Results from the Apollo Passive Seismic Experiment (Latham et al., 1977)
- Source document: 1977-latham-apollo-passive-seismic-results-ntrs-19780005006.txt
— text edition (user-extracted, page-tagged), with the extraction’s
structural metadata kept as the sibling
....json. The scanned original (13 pp) is not stored; it lives at NTRS 19780005006 (direct PDF). - Original: G. Latham, Y. Nakamura, J. Dorman, F. Duennebier, M. Ewing, and D. Lammlein (Marine Science Institute, Univ. of Texas, Galveston), “Results from the Apollo Passive Seismic Experiment,” in Cosmochemistry of the Moon and Planets (NASA SP-370), 1977, pp. 390 ff. (Contribution No. 44 of the Marine Science Institute.)
Summary
Section titled “Summary”The PSE team’s network-era results paper — the citable statement of what the seismometers the Apollo crews left behind actually found. It reviews the Apollo Seismic Network (the RTG-powered stations of missions 12/14/15/16, completed April 1974) and reports the headline findings: an extraordinarily quiet Moon, a small population of moonquakes in three classes, and a differentiated interior with a crust, a thick cumulate mantle layer, and a probably molten small core. For this library it is the experiment’s “what happened next,” closing the arc the Apollo 11 station opened.
Key takeaways
Section titled “Key takeaways”- The Apollo 11 station’s fate, stated plainly: “powered by solar cells and intended for operation only during the lunar day, [it] failed after exposure to the first nighttime period.” The four later, RTG-powered stations form the network (16 seismometers, all but two still operating; ~10-yr expected station lifetimes).
- The Moon is seismically quiet — with numbers. Surface noise is so low the instruments run at ~20-million magnification, “two to three orders of magnitude higher than can normally be used on Earth,” detecting motions of ~½ ångström. Total annual moonquake energy release is < 10¹⁵ ergs/yr — about nine orders of magnitude below Earth’s; with terrestrial-sensitivity instruments “we would have recorded no moonquakes at all.”
- Three classes of moonquakes plus impacts: rare but energetic high-frequency shallow events (11 identified in 3 years — the largest natural signals recorded); numerous tiny deep moonquakes (max Richter ~2) concentrated at 600–800 km depth, whose occurrence shows tidal periodicities — “tides play a dominant role” in generating them; and near-surface thermal moonquakes tracking the day-night temperature cycle. Several hundred meteoroid impacts register per station per year, with the Saturn S-IVB stage impacts used as calibration shots.

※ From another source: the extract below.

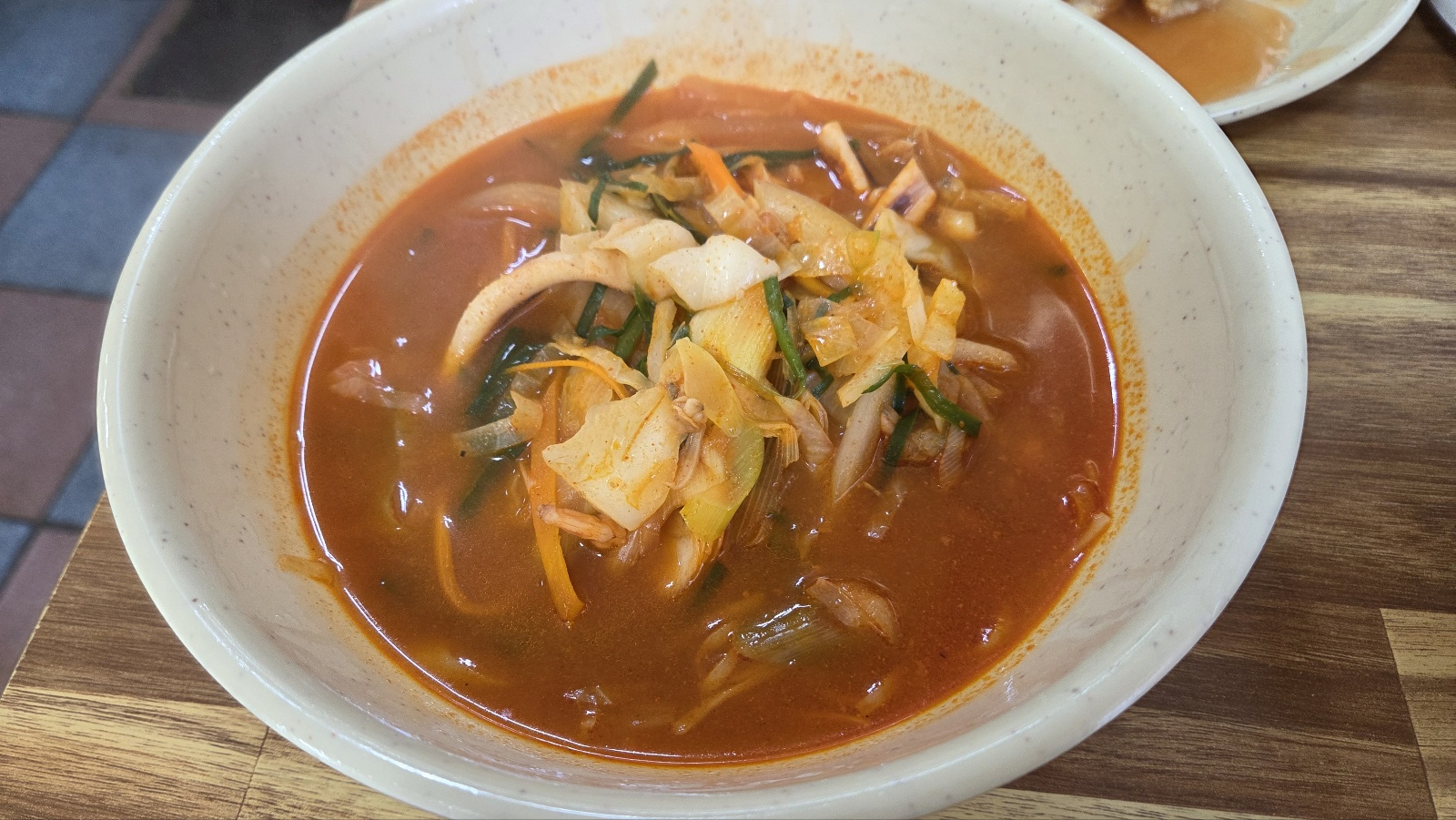 짬뽕 국물에는 면도 조금 들어 있다.

- A differentiated interior: primitive differentiation of the outer shell to ~300 km; best crust model 40–80 km thick (anorthositic gabbro grading to gabbro) over an ~250-km olivine-pyroxene cumulate; and a central region presently molten to a radius of 200–300 km (missing/attenuated shear waves from far-side events), with iron or iron sulphide the best core candidate. Short accretion times are implied if accretional energy did the early melting.